> _Task objective_:
Exactly as they appear, copy the lines from the one holding "A 100% organic" through the end of the records, leaving pictures out.

> _Records provided_:
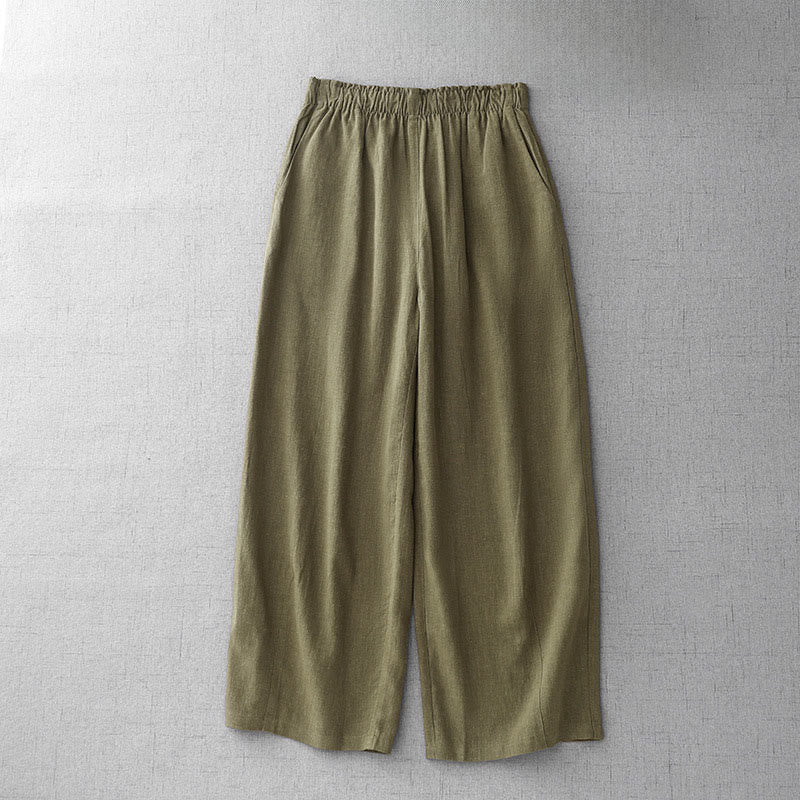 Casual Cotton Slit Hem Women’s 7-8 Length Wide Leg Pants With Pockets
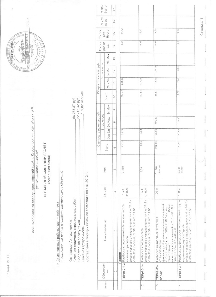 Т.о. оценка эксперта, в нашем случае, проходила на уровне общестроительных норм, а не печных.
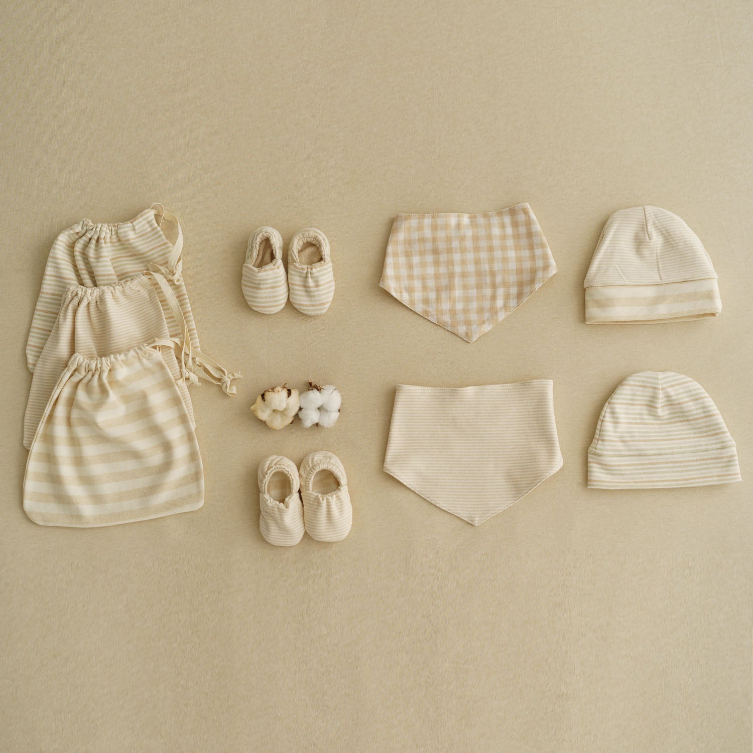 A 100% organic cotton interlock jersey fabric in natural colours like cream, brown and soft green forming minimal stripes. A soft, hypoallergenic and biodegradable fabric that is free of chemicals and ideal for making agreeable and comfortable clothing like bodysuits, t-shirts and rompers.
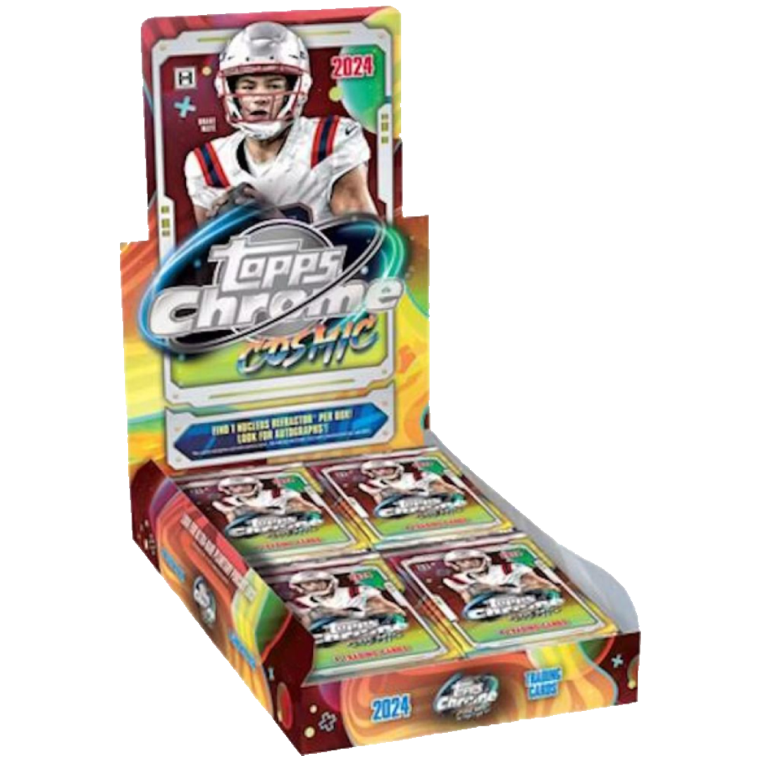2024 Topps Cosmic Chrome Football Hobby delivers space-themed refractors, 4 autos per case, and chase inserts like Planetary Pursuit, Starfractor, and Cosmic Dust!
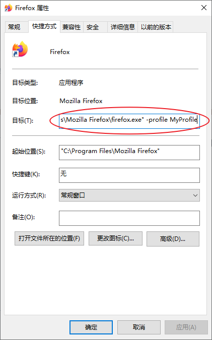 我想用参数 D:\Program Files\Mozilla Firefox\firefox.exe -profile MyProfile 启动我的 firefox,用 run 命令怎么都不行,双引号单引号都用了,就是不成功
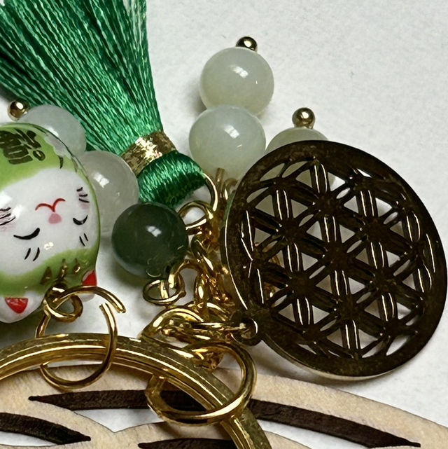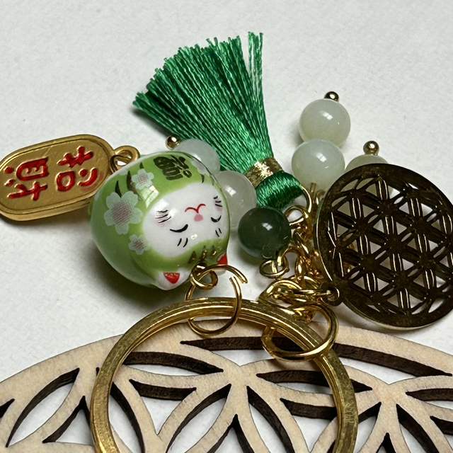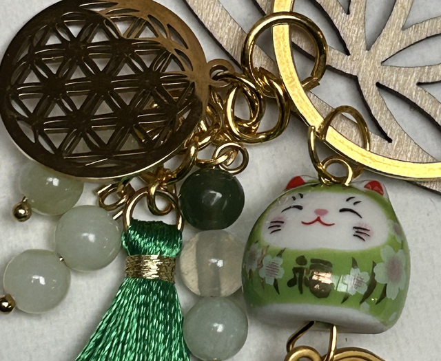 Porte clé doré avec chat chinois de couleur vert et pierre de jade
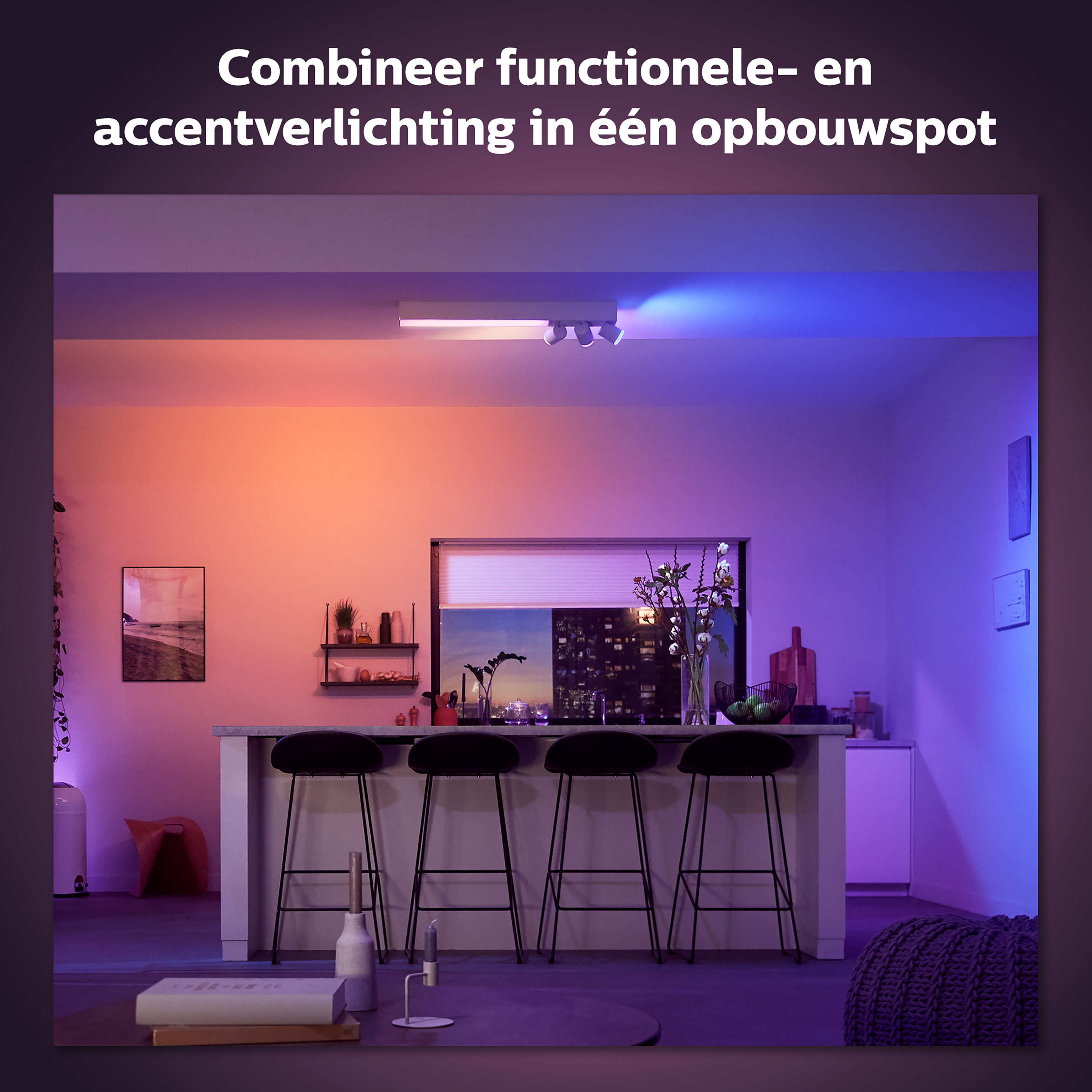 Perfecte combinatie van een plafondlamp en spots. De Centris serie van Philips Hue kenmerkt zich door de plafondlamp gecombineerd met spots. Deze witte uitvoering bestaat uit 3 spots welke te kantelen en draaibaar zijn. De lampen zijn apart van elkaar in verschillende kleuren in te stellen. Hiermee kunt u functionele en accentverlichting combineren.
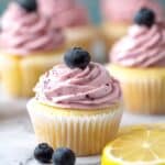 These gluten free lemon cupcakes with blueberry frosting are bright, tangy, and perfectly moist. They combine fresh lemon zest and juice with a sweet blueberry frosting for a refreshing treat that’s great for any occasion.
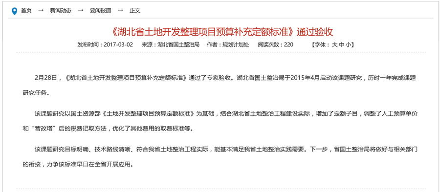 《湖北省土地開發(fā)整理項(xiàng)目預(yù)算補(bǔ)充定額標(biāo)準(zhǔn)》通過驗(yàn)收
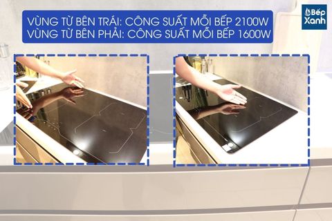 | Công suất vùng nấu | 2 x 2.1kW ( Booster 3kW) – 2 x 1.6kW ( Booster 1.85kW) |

> _Exercise answer_:
 A 100% organic cotton interlock jersey fabric in natural colours like cream, brown and soft green forming minimal stripes. A soft, hypoallergenic and biodegradable fabric that is free of chemicals and ideal for making agreeable and comfortable clothing like bodysuits, t-shirts and rompers.
2024 Topps Cosmic Chrome Football Hobby delivers space-themed refractors, 4 autos per case, and chase inserts like Planetary Pursuit, Starfractor, and Cosmic Dust!
 我想用参数 D:\Program Files\Mozilla Firefox\firefox.exe -profile MyProfile 启动我的 firefox,用 run 命令怎么都不行,双引号单引号都用了,就是不成功
 Porte clé doré avec chat chinois de couleur vert et pierre de jade
 Perfecte combinatie van een plafondlamp en spots. De Centris serie van Philips Hue kenmerkt zich door de plafondlamp gecombineerd met spots. Deze witte uitvoering bestaat uit 3 spots welke te kantelen en draaibaar zijn. De lampen zijn apart van elkaar in verschillende kleuren in te stellen. Hiermee kunt u functionele en accentverlichting combineren.
 These gluten free lemon cupcakes with blueberry frosting are bright, tangy, and perfectly moist. They combine fresh lemon zest and juice with a sweet blueberry frosting for a refreshing treat that’s great for any occasion.
 《湖北省土地開發(fā)整理項(xiàng)目預(yù)算補(bǔ)充定額標(biāo)準(zhǔn)》通過驗(yàn)收
 | Công suất vùng nấu | 2 x 2.1kW ( Booster 3kW) – 2 x 1.6kW ( Booster 1.85kW) |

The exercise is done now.